YOU CAN'T BUILD A PYRAMID FROM THE TOP DOWN . . .

Ten years ago I wrote an article called 'HORIZONTAL APARTMENTS, A NEW INVESTMENT VEHICLE', it was published in what was then called The Real Estate News Observer. It was deemed a radical departure from conventional thinking on real estate income properties and as a result of this I was invited to address investor groups to defend my position. The National Association of Realtor's commercial investment division even denied me credit toward their CCIM designation for my experience with single family houses on the basis of their opinion that a house was not a commercial or investment income property. As a result of this article, I wrote a seminar which eventually became the only seminar on single family house investment anywhere in the country. Things have changed.

 

Now, ten years later, the woods are full of single family house seminars and experts who will guide the patient follower through the maze of financing tools and fancy footwork required to make quick millions virtually without work – almost automatically. My newspaper and TV screen regularly extol the wisdom of a transient guru who will devote a weekend toward converting some poor, tax-paying wage earner into an instant mogul. It seems almost a sacrilege to have made LESS than $1,000,000 if one is going to offer any kind of education. Any mention of effort/risk/failure/sacrifice is a definite no-no!

Tens of thousands of neophyte would-be investors all across America have joined investment groups which meet periodically and which offer additional education on all sorts of variations on the theme of making big money without work. Yet, in spite of their faithful attendance, it doesn't seem to be working for most of them. WHY? BECAUSE NO ONE TAKES THE TIME TO TEACH/LEARN THE FUNDAMENTALS! A long time ago in this letter I wrote that single family house investment is a game of inches. The difference between making a lot of money and losing a lot of money can boil down to just a few details that might have been overlooked.

Look around you at your peer investors; people who've bought the tapes and attended investment club meetings regularly over the past 5 years or so. How many of them have achieved financial success and independence? Is it just possible that all the things they've been learning have been the wrong things? Is there any chance that their teachers found their own way to the top by selling seminars and educational materials rather than by actually doing what they propose their advocates do? Or has the single family house as a viable investment vehicle become passe' as a stepping stone to wealth and leisure?

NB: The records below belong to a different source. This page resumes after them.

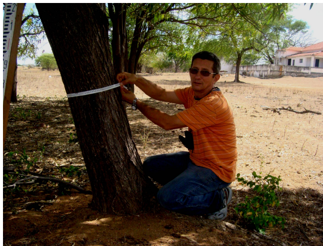
Figura 5. Medição da circunferência na base de indivíduos arbóreos utilizando fita métrica

Todos os indivíduos vivos das espécies presentes nas áreas de amostragem que tinham circunferência à altura do peito (CAP) igual ou maior que 10 cm foram registrados sendo a circunferência mensurada com fita métrica (Figura 5) e a altura medida com auxílio de uma régua graduada (Figura 6).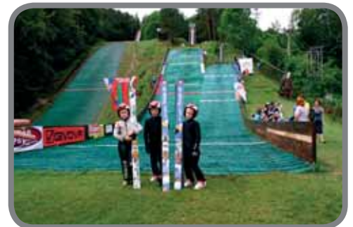
Banská Bystrica – pod můstkem s kolegy z oddílu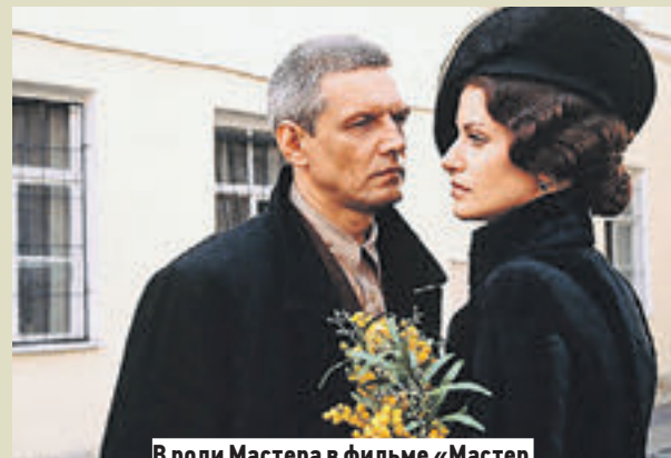
В роли Мастера в фильме «Мастер и Маргарита» (2005)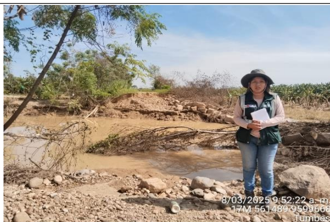
FIGURA N°03: TROCHA CARROZABLE EROSIONADA POSTERIOR AL DESBORDE DEL RÍO TUMBES EN EL SECTOR LOS CRISTALES.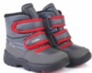
Серый Джойфул / Tuono Joyfull_GraphiteRed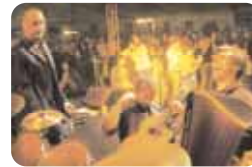
Le Bal des Martine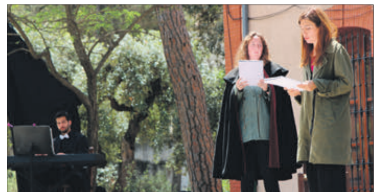
Lectura dramatitzada de la rondalla 'Abella'.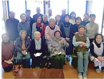
坂上サロン・さわやかクラブ 年末歌声喫茶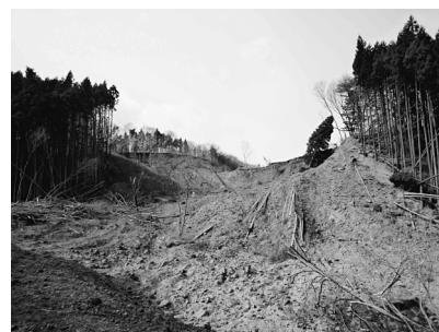
写真-3 崩落土塊の下方から滑落崖(①)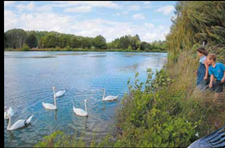
BERGE DE LA SEINE À NOGENT. Des enfants s'amuse à attirer l'attention des cygnes.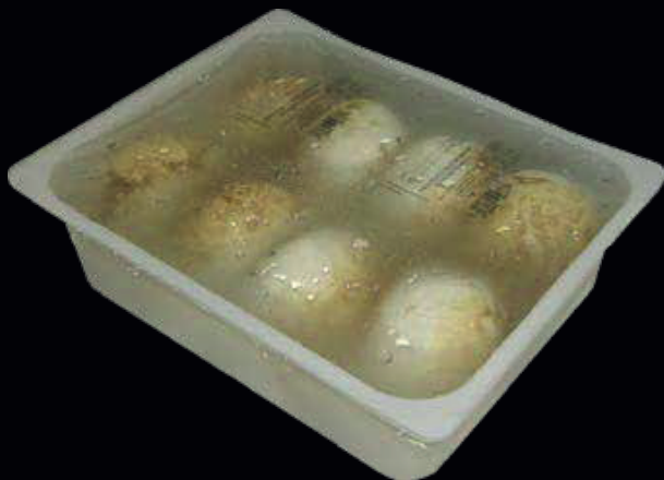
Mozzarella di Vacca affumicata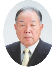
社会福祉法人 恵那市社会福祉協議会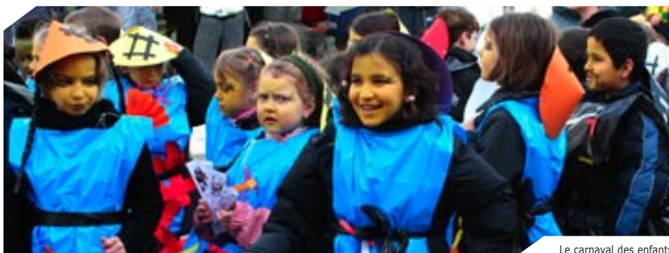
Le carnaval des enfants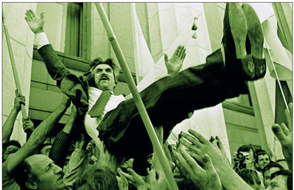
Вітання авторів Акту проголошення Незалежності України Левку Лук'яненко. 24 серпня 1991 р.

«Україні — українську національну владу!».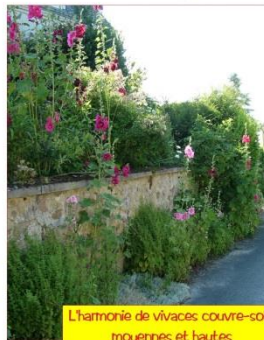
L'harmonie de vivaces couvre-sols, moyennes et hautes

Les agents du service technique peuvent apporter leurs conseils.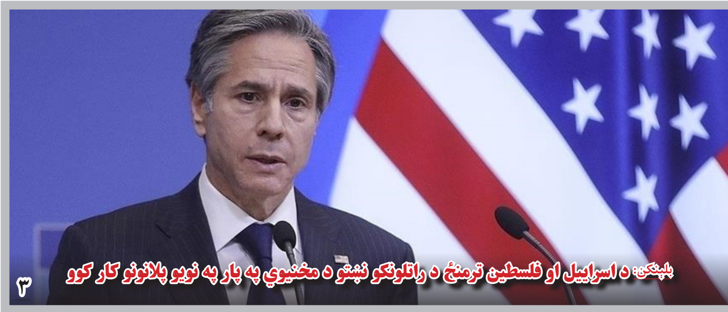
بلینکن: د اسرائیل او فلسطین ترمنځ د راتلونکو نېټو د مخنیوي په پار په نويو پلانونو کار کوو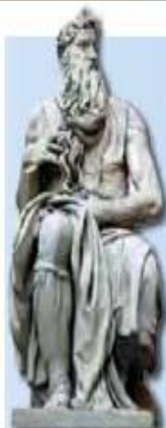
Moisés, de Miguel Ángel (siglo XVI, Roma)

IN ANY GAME THERE ARE RULES FOR WINNING AND FOR LOSING!

A couple of days ago someone asked me what the best possible investment might be for the balance of this decade. What do you think? I told him INVEST IN YOURSELF FIRST! What does that mean? Simply stated, before you spend money on real estate make sure you know what you're doing! That goes for buying real estate paper too. Financial lessons are always a lot cheaper when you can learn from other's mistakes versus your own! Someday I'm going to sponsor a convention where the speakers speak only of their mistakes and the money they've LOST. A few years ago I offered a seminar with Pete Fortunato called PITFALL, and PROFITS. Nobody came, so we dropped it. Maybe some of its insights can be shared in this month's newsletter. Several years back I wrote a pamphlet called WINNING WITH JACK MILLER which contains over a hundred of these rules.

Copyright © Sunjon Trust All Rights Reserved, www.CashFlowDepot.com. (888) 282-1882
Quotation not permitted.  Material may not be reproduced in whole or part in any form whatsoever.

 


LEARN TO MANAGE VERSUS MERELY COLLECTING RENT!

For creative financing people, OPM is the cornerstone of estate building and pyramiding of wealth. It's a magic concept; using other people's money to amplify our investment returns through leverage. Why can't we use the same concept in management? We can! First of all, we've got to divide our management job into various components which we'll call profit centers. Once we take a closer look at these, the opportunities for increased cash flows and profits will become more discernible.

 

What might logical management subdivisions be? Certainly Rent Collections, Deposit Policies, Penalties and Fees would qualify as income generators. What about Occupancy and Turnover, Maintenance, Appliance Policies and Insurance? These can go either way. They can be a source of expense or they can be leveraged to increase cash flow depending upon how they're handled. What about fences, pools and carpets? Pets? These too are potential sources of profit. The key to wringing profits out of what are normally expense items is to pass these costs along to the tenant -every chance you get. When rents tighten up in your area, you should consider implementing some of the policies which will reduce expenses or generate higher incomes. Consider these:

Start with rent collections: the easiest way to insure prompt collections is to rent to people who routinely pay their bills when due. You can verify this through the use of credit checks and references. And you can attract these people by offering a discount on their rents in much the same way that Safe Drive insurance companies attract the better drivers and commensurately higher profits. We go one step further and offer tenants access to our Credit Card Account so that they can authorize us to simply call in to our bank in the same way as any other merchant in order to collect their rents.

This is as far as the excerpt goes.